[GIVEN RECORDS Boundary: Start]

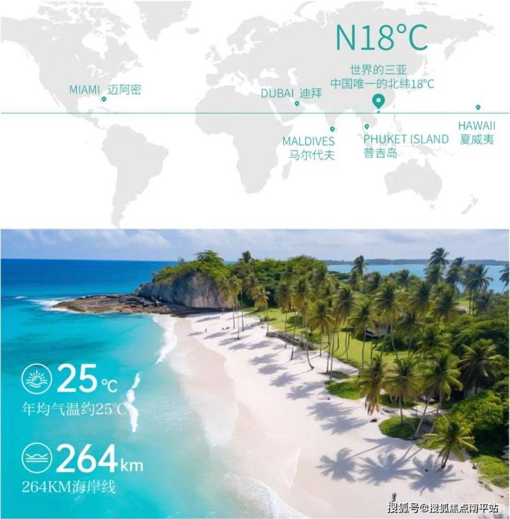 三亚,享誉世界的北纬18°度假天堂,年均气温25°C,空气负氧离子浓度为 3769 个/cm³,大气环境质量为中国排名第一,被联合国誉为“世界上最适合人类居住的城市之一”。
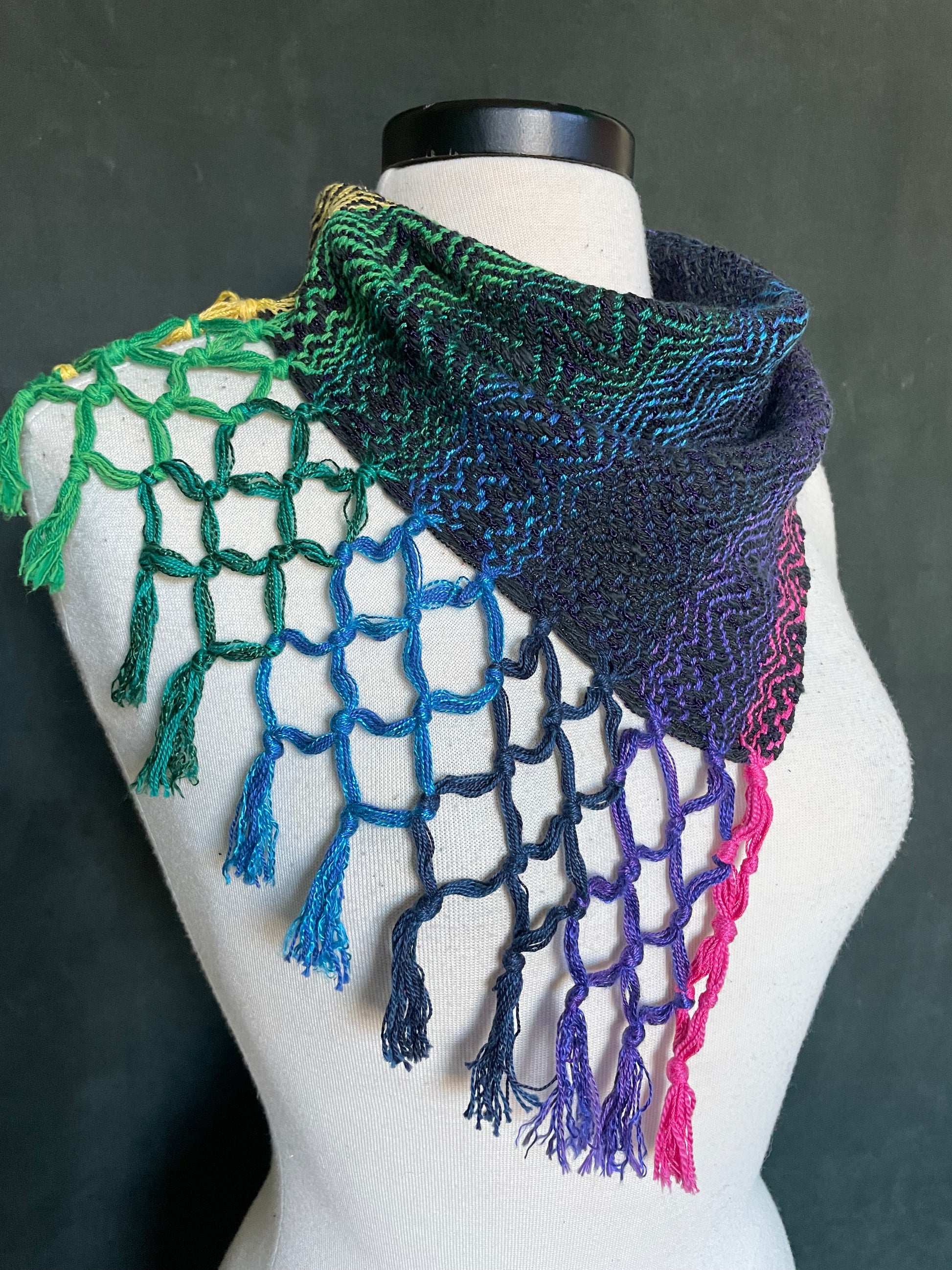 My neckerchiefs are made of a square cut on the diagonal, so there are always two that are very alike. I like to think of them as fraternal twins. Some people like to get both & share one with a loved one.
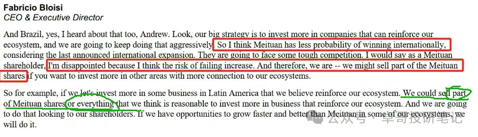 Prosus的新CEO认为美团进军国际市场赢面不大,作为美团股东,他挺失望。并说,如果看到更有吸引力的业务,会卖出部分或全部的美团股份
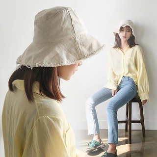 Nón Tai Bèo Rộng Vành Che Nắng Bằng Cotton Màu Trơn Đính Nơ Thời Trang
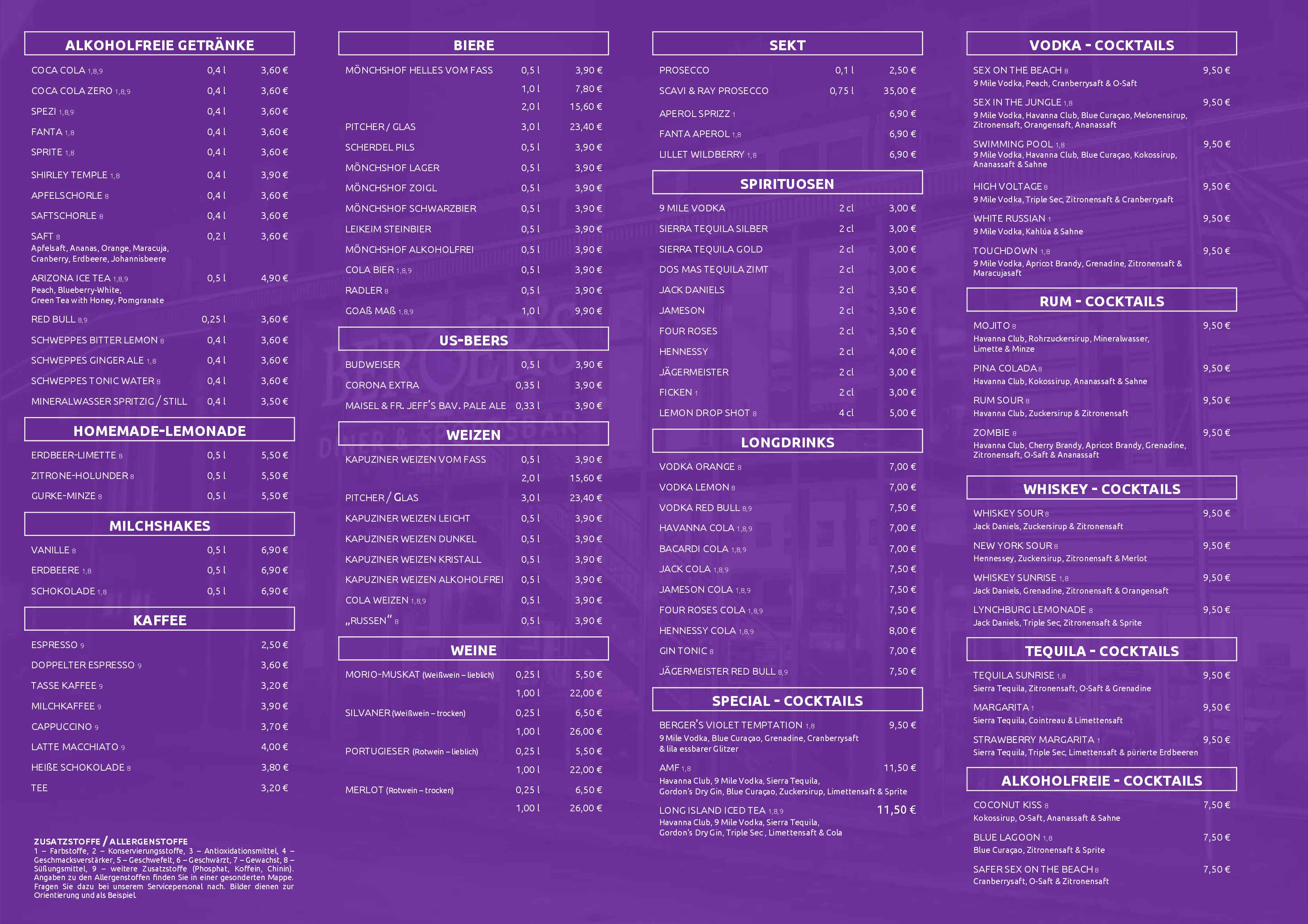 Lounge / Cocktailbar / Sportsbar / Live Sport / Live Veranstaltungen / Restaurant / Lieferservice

[GIVEN RECORDS Boundary: End]
[GIVEN RECORDS Boundary: Start]

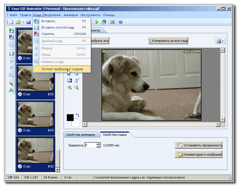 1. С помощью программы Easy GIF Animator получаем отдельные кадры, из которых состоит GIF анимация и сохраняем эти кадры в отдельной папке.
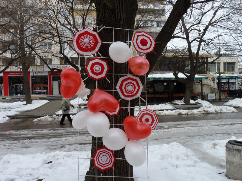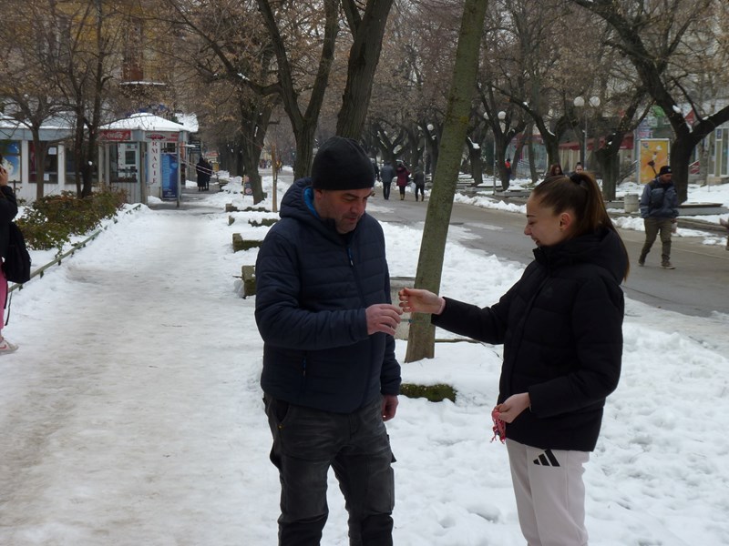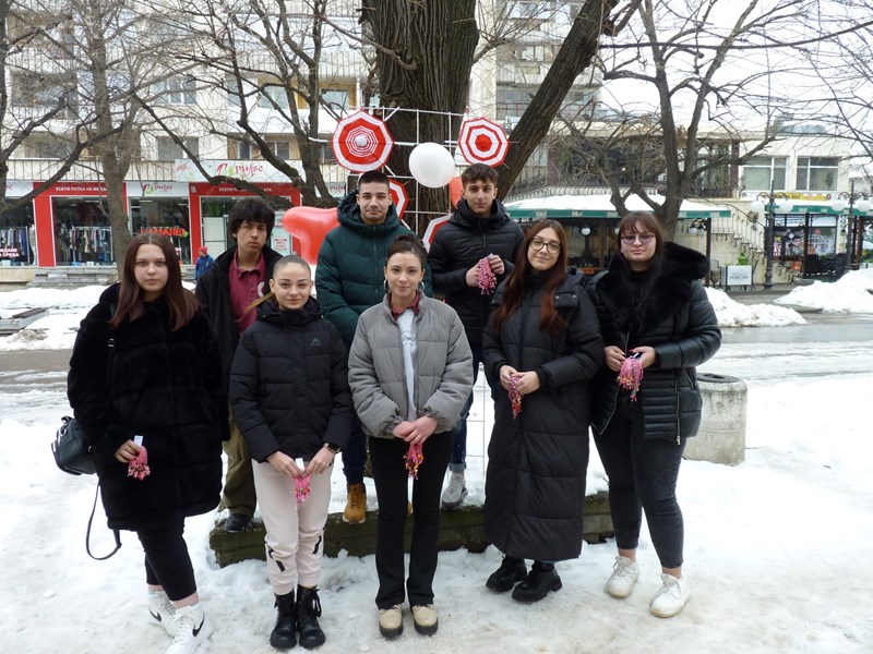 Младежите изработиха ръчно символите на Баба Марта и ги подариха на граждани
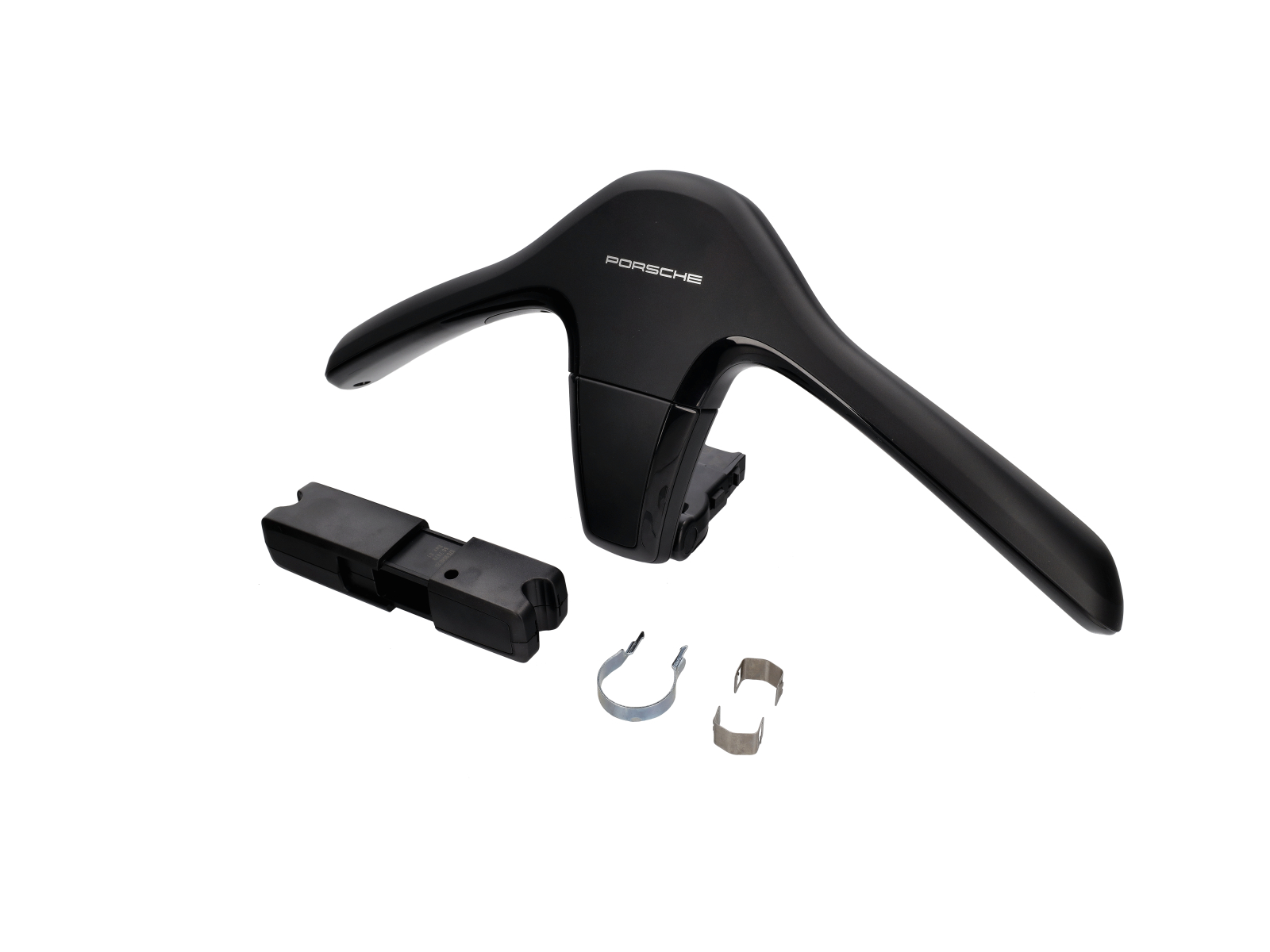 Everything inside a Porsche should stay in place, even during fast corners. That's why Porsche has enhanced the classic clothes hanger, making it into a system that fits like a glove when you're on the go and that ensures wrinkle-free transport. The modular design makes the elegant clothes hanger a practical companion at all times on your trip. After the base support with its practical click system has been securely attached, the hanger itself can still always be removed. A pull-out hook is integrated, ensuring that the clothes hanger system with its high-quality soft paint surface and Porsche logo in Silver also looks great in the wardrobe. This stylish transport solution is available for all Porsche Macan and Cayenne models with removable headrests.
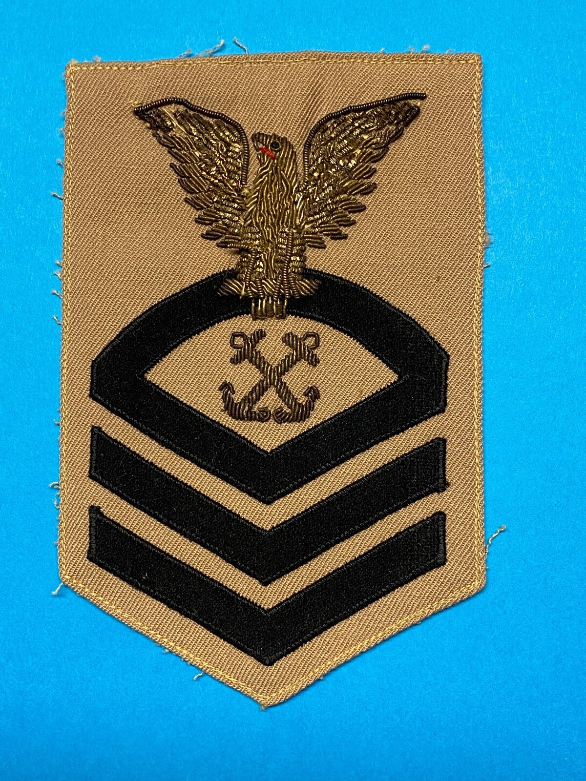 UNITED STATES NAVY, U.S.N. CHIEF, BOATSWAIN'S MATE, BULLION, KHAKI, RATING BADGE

[GIVEN RECORDS Boundary: End]

* _TASK TO COMPLETE_
Above are some entries; copy exactly the lines from the line with "1. С помощью" through the line with "Младежите изработиха ръчно", both included, but none of the pictures.

* _SOLUTION_
 1. С помощью программы Easy GIF Animator получаем отдельные кадры, из которых состоит GIF анимация и сохраняем эти кадры в отдельной папке.
 Младежите изработиха ръчно символите на Баба Марта и ги подариха на граждани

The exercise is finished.